START Data

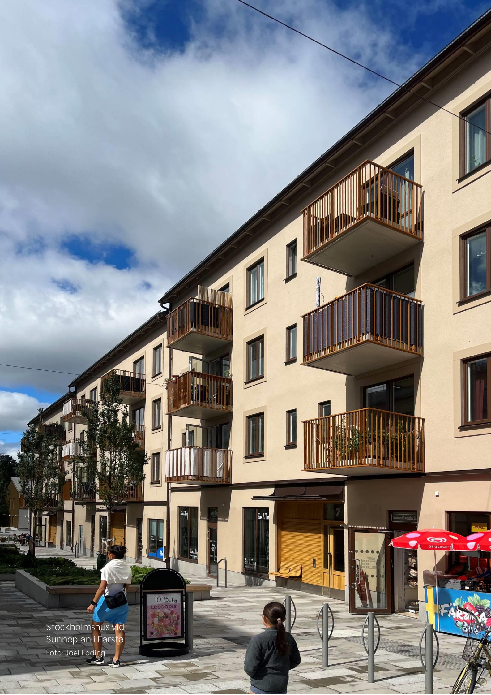
Stockholmshus vid Sanneplan i Farsta
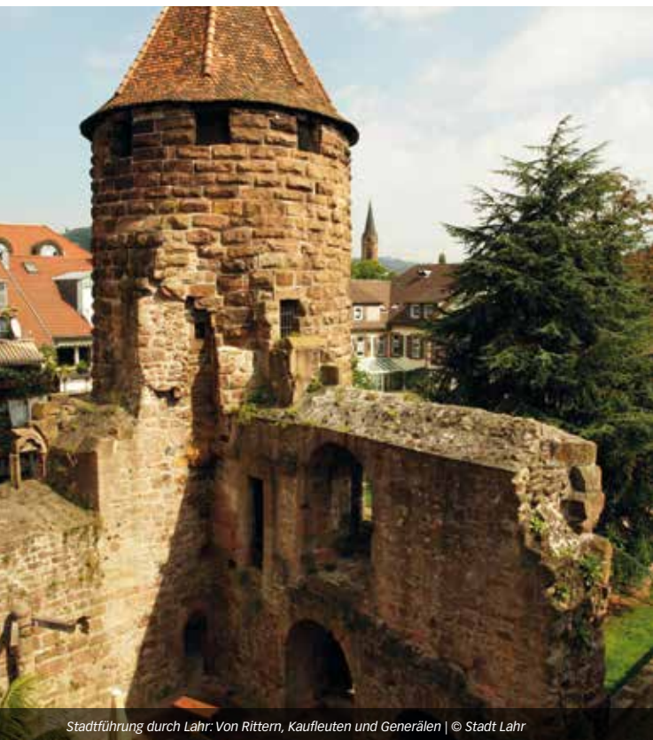
Stadtführung durch Lahr: Von Rittern, Kaufleuten und Generälen

Besucher erleben 600 Jahre Stadtgeschichte. Als Wegzehrung gibt es eine traditionelle Lahrer Murre aus der Genussmanufaktur Burger. Vivez 600 ans d'histoire tout en dégustant nos pâtisseries traditionnelles
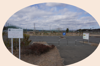
中央公園多目的グラウンド

END Data

Task directions: Beginning at the first line of the listing, print each line exactly until and including the one that has "Stadtführung durch Lahr: Von"; skip pictures.

Completed task:
Stockholmshus vid Sanneplan i Farsta
Stadtführung durch Lahr: Von Rittern, Kaufleuten und Generälen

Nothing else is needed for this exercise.